AI-generated code has distinctive anti-patterns that differ from human-written code. Add a new AIPatternsAnalyzer that detects these.

AI Code Anti-Patterns to Detect

1. Magic Numbers

AI loves magic numbers instead of named constants:

# AI-generated
if confidence > 0.85:
    retry(max_attempts=3, delay=2.5)

# Human-written
HIGH_CONFIDENCE_THRESHOLD = 0.85
MAX_RETRIES = 3
RETRY_DELAY_SECONDS = 2.5

2. Comment-Over-Code Ratio

AI tends to over-document obvious code:

# Initialize an empty list to store the results
results = []

# Loop through each item in the items list
for item in items:
    # Append the item to the results list
    results.append(item)

3. Over-Engineering

AI wraps simple logic in unnecessary abstractions:

class DataProcessorFactory:
    @staticmethod
    def create_processor(type: str) -> DataProcessor:
        # For a simple list filter...

4. Uniform Variable Names

AI tends to use result, data, item, value without descriptive names.

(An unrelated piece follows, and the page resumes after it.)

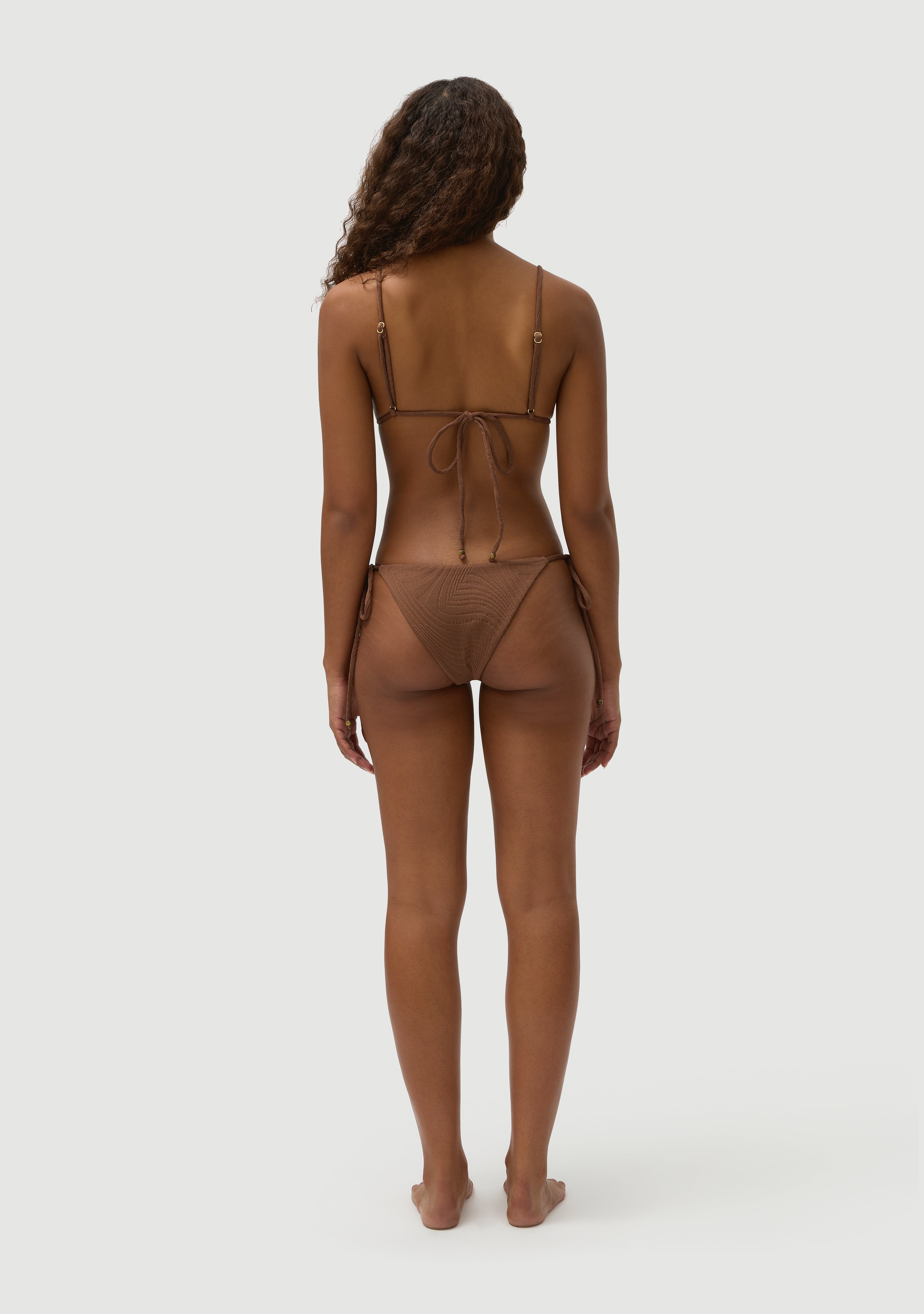 The Marcus Bottom in Pinecone is a stylish string bikini bottom featuring adjustable tie sides for a customizable fit. Designed with a mid-rise waist and a cheeky cut, it offers a flattering silhouette that enhances your natural shape. Fully lined for comfort and support, this bikini bottom is perfect for poolside lounging or beach adventures, combining both fashion and function effortlessly.

5. TODO/Placeholder Comments

AI leaves # TODO: implement this, # Add more error handling here, pass

Implementation

  1. Create ai_trust_validator/analyzers/ai_patterns.py
  2. Implement AIPatternsAnalyzer(BaseAnalyzer)
  3. Add heuristics with configurable thresholds
  4. Add to Validator._init_analyzers()
  5. Add comprehensive tests

Acceptance Criteria

  • Detects at least 5 AI-specific anti-patterns
  • Comment-over-code ratio check works
  • Magic number detection with configurable threshold
  • Results contribute to trust score
  • Tests with real AI-generated code samples

Difficulty

Intermediate — pattern matching is straightforward but designing good heuristics requires thought.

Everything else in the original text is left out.